Twenty Ardi goats were individually adapted to the metabolic cages for one week, followed by 10 days as the collection period. Growing goats were randomly allocated into four equal groups (3 goats each). The control group were fed a basal diet without any supplementation. The other three groups were fed the basal diet supplemented with a mixture of garlic and ginger powder at doses 20, 40 and 60 mg/animal/day. T1 (control no feed additive), T2 (20 gm of garlic and ginger mixture), T3 (40 gm of garlic and ginger mixture), and T4 (60 gm of garlic and ginger mixture). Samples of refused feed and fecal output were recoded daily before offering the morning meal during the collection period. Approximately 10% of the daily feces of each animal were sub-sampled, well mixed, and kept at -4°C until chemical analysis. Apparent digestibility coefficients for each nutrient were calculated by expressing the weight of each nutrient absorbed as a proportion of the weight consumed (nutrients consumed in feces/nutrients consumed). Nutritive values in terms of total digestible nutrients (TDN) and digestible crude protein (DCP) were calculated according to the classic formula of NRC (2001) as follows:
 
TDN%= DCP% + DCF% + DNFE%+ (DEE% × 2.25)
 
Where
DCP= Digestible crude protein.
DCF= Digestible crude fiber.
DNFE= Digestible nitrogen-free extract.
DEE= Digestible ether extract.
 
Proximate analysis of feed and feces
 
Samples of the experimental basal total mixed ration and feces were collected and dried in a forced-air oven at 65°C for 72 h to calculate the dry matter intake. The proximate analysis was conducted according to AOAC (2006). Neutral detergent fiber (NDF) and acid detergent fiber (ADF) were determined without using sodium sulfite or α-amylase according to Van Soest and Robertson (1985).
 
Statistical analysis
 
The data obtained from the experiment were subjected to one-way analysis of variance (ANOVA) and were expressed as means with a standard error of mean (Mean ± SEM) using SPSS for Windows, Version 16.0. Chicago, SPSS Inc. Treatment means were separated (p <0.05) using Duncan’s multiple range test (Duncan, 1955).

RESULTS AND DISCUSSION

Animal performance
 
The effects of dietary supplementation with a mixture of garlic and ginger powder at different levels on goat performance are shown in Table 2.

Table 2: Effect of dietary supplementation with a mixture of garlic and ginger powder at different levels on goat performance.

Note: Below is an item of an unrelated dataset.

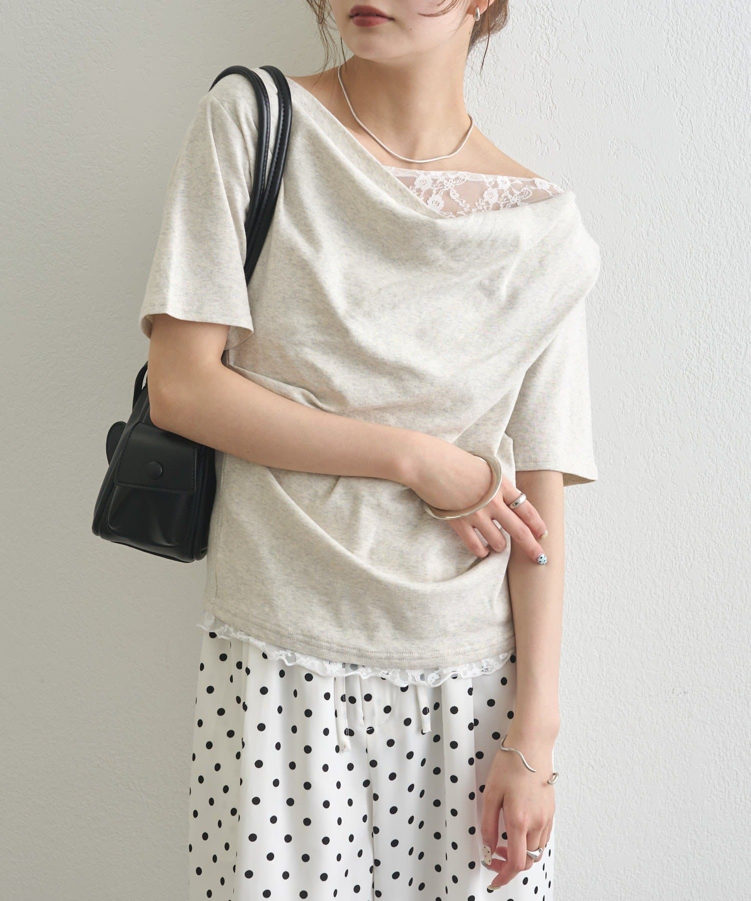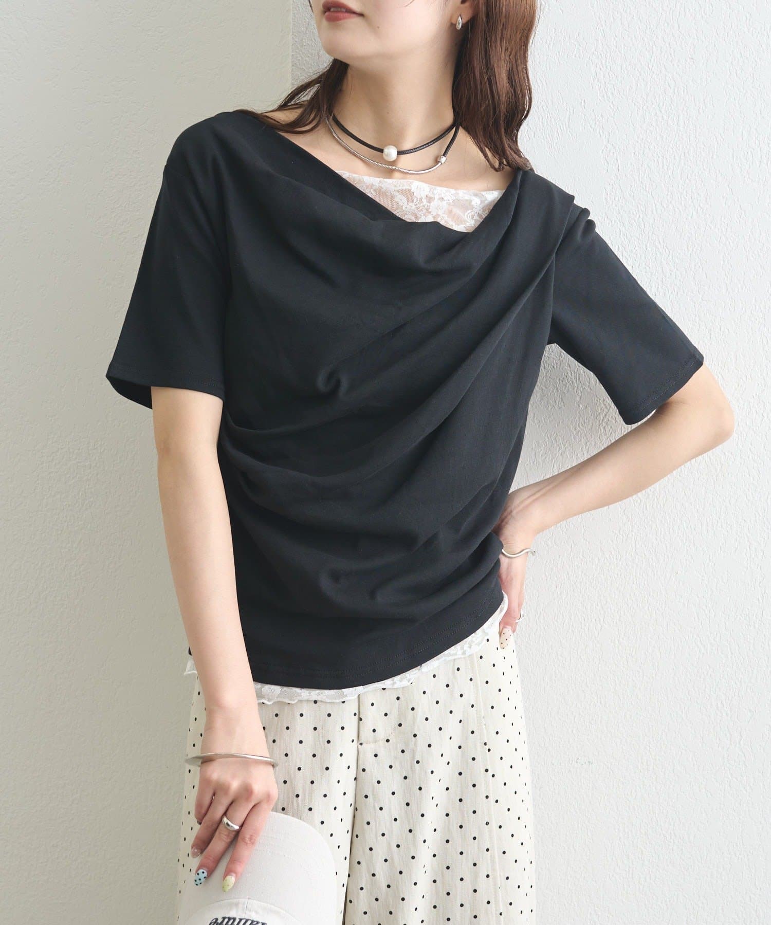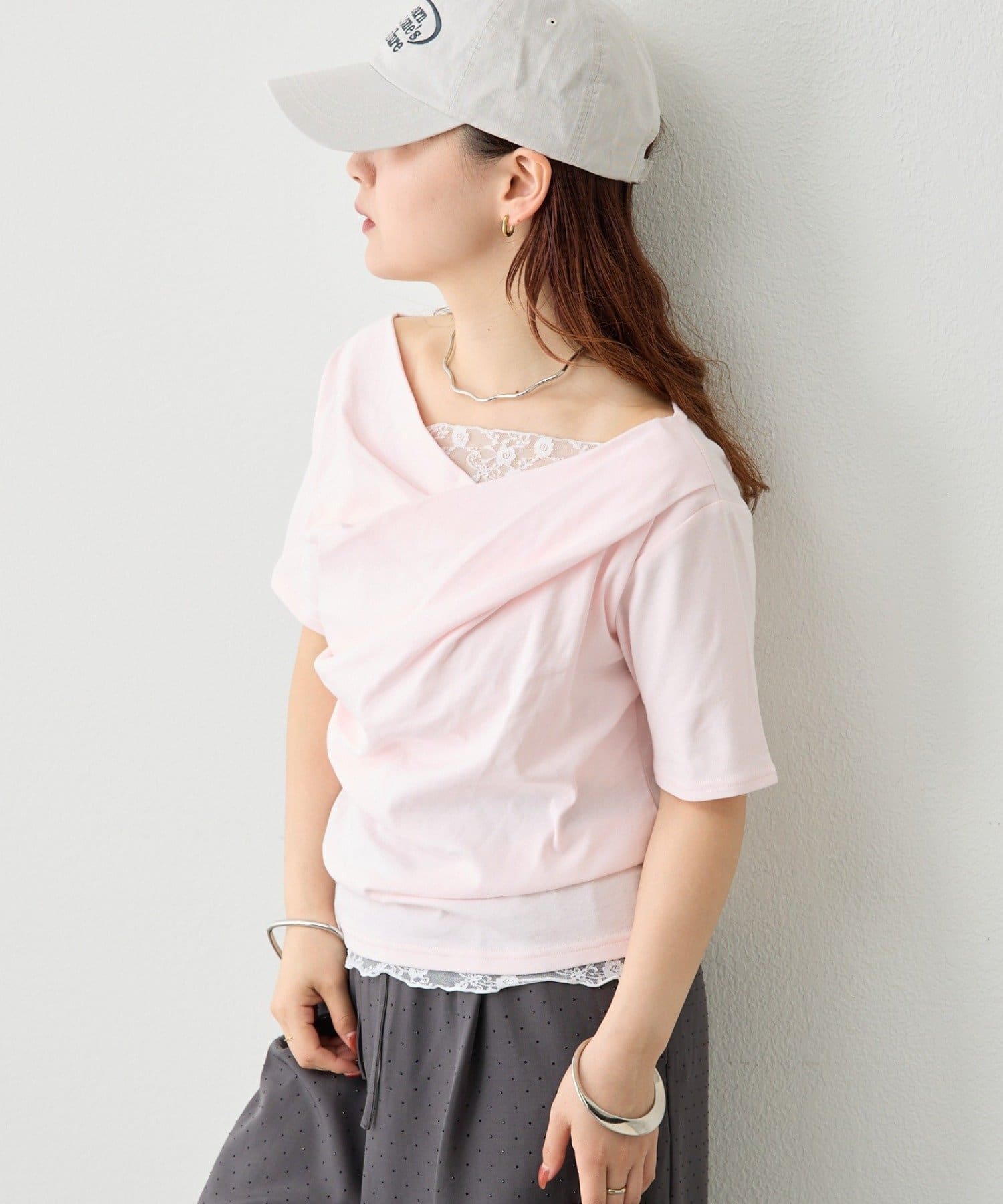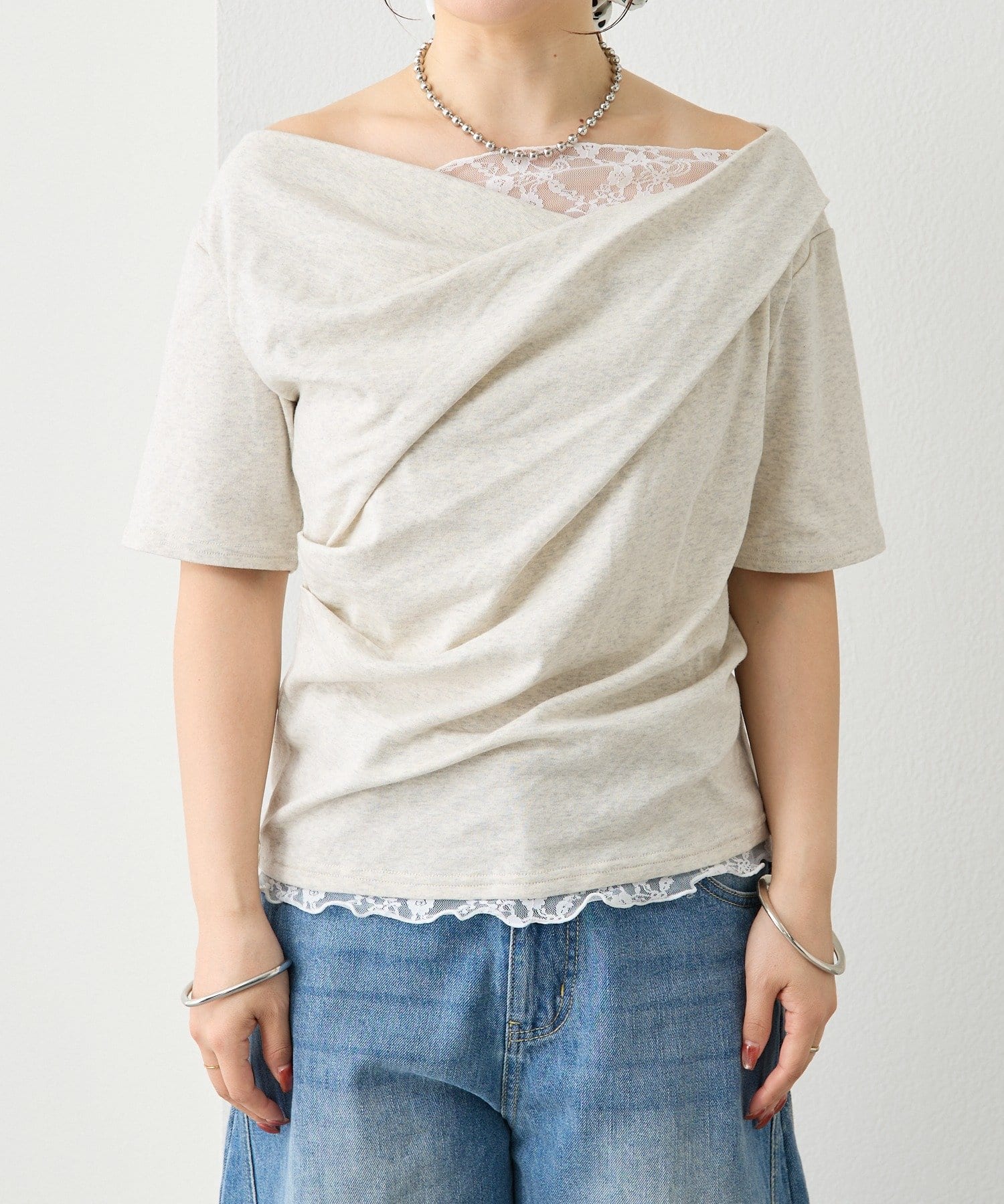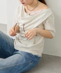 レースドッキングオフショル半袖Tシャツ

There was no significant difference in the final body weight of goats fed diets with different levels of a mixture of ginger and garlic powder. The total body weight gain and ADG were not affected by dietary supplementation with a mixture of garlic and ginger powder. However, ADG differed significantly among different weeks (2nd, 7th, 11th weeks) as presented in Fig 1 A.

Fig 1: Effect of dietary supplementation with a mixture of garlic and ginger powder at different levels on goat performance during the experimental period. * Means with significant difference at (p<0.05). T1: control, T2-T4: a mixture of garlic and ginger powder at different levels 20, 40 and 60 g/animal/day.

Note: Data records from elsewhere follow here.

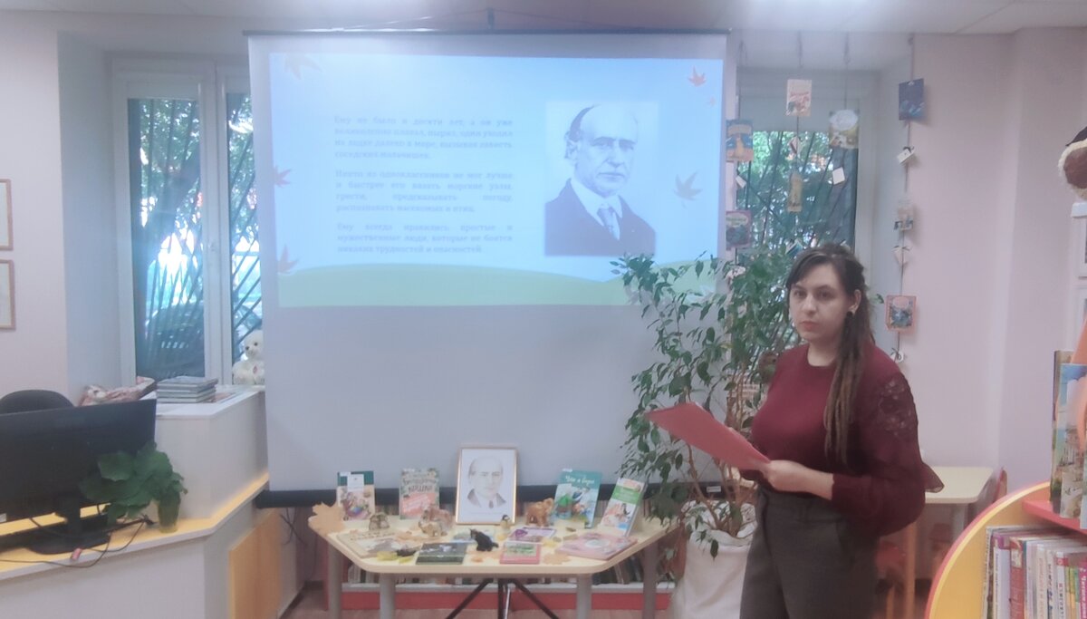17 сентября в Детско-юношеской библиотеке прошла встреча, которая была приурочена к 140-летнему юбилею со дня рождения детского писателя Бориса Степановича Житкова. С большим интересом юные читатели слушали рассказ библиотекаря Анастасии Самаркиной о жизни и творческом пути писателя, смотрели мультфильмы, снятые по мотивам рассказов Житкова «Почему слоны?», «Кнопочки и человечки.», в которых рассказывалось про мальчика Алёшу, который всегда спрашивал, «Почему?». А также ребятам очень интересно было узнать, почему у автора так много рассказов о животных. Читать Житкова — это удовольствие. Он пишет так «вкусно», с улыбкой и юмором, с любовью к животным, подмечая все их забавные повадки и хулиганства. А завершилась встреча мастер-классом, на котором дети создавали картинки с помощью отпечатков листьев. Все рассказы Житкова рассчитаны на детей дошкольного и младшего школьного возраста, но даже взрослому понравятся трогательные, а иногда и смешные рассказы автора.
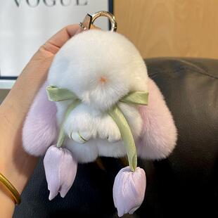 装 死兔郁金香獭兔毛小兔子迷你汽车钥匙包包挂件礼物毛绒公仔可爱
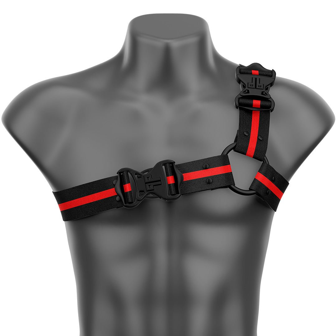 Black & Red Racer Stripe Asymmetrical Handmade Fashion Vegan Unisex Harness
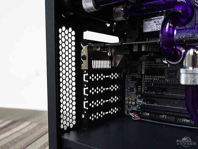 与其他中塔机箱一样,预言者farseer机箱背部同样设置了7个pci拓展口,七槽的配置足以满足追求性能的用户对于双卡平台需求,甚至三卡平台也不在话下。方便其他拓展硬件的安装,有很好的兼容性。

Similarly, garlic powder supplementation up to 1.5% in diet did not affect the final weight and ADG of West African Dwarf goats (Ikyume et al., 2017). In contrast with the present results, the addition of 2 g of dried garlic improved body weight gain in growing male buffaloes (Hassan and Abdel-Raheem, 2013). According to Zhong et al., (2019), feeding lambs garlic powder improved growth performance as well as animal health. In addition, ADG improved in rabbits fed garlic-based diets (Onu and Aja, 2011) or fed ginger powder-based diets (Ogbuewu et al., 2017). On the other hand, ADG was reduced in rabbits fed garlic powder at 0.25% and 0.5% (Hossain et al., 2015).

The TDMI and daily DMI were significantly lower (P<0.05) in groups supplemented with a mixture of garlic and ginger powder at doses of 20 and 40 g/animal/day than the control group (Table  2). However, there was no difference in TDMI and daily DMI among supplemented. There were significant differences in daily DMI among different weeks (Fig 1 C). The dietary supplementation with a mixture of garlic and ginger powder did not affect DMI%, BW, and FCR. There were significant differences in FCR among different weeks (2nd, 7th, 11th weeks), however DMI % BW did differ among experimental weeks (Fig 1 B - D, respectively).

In line with these results, DMI did not affect beef cows fed 40 g/d garlic powder (Wanapat et al., 2013). In addition, Bampidis et al., (2005) who observed that inclusion of supplemental levels of garlic bulb or husk in the diet of growing lambs had no significant effect on FCR. Contrary to the above findings, FCR improved significantly in male pigs fed dried garlic at 1% and 10% (Cullen et al., 2005).

In addition, diets containing 1.5% of ginger root powder significantly improved the FCR of NZW rabbits (Bakr et al., 2016). Overall, the reasons for the difference between this study and previous studies could be related to high levels of dietary supplementation with a mixture of garlic and ginger powder as well as differences in animal type and diet composition.
 
Effect of dietary treatments on nutrient digestibility
 
The digestion coefficients of dry matter, organic matter, ether extract, and non-fiber carbohydrates did not affect by the different levels of dietary supplementation with a mixture of garlic and ginger powder (Table 3). However, the digestion coefficient of crude protein was significantly decreased by different levels of dietary supplementation with a mixture of garlic and ginger powder. The same trend was observed in the digestion coefficients of the fiber fractions (CF, NDF and ADF).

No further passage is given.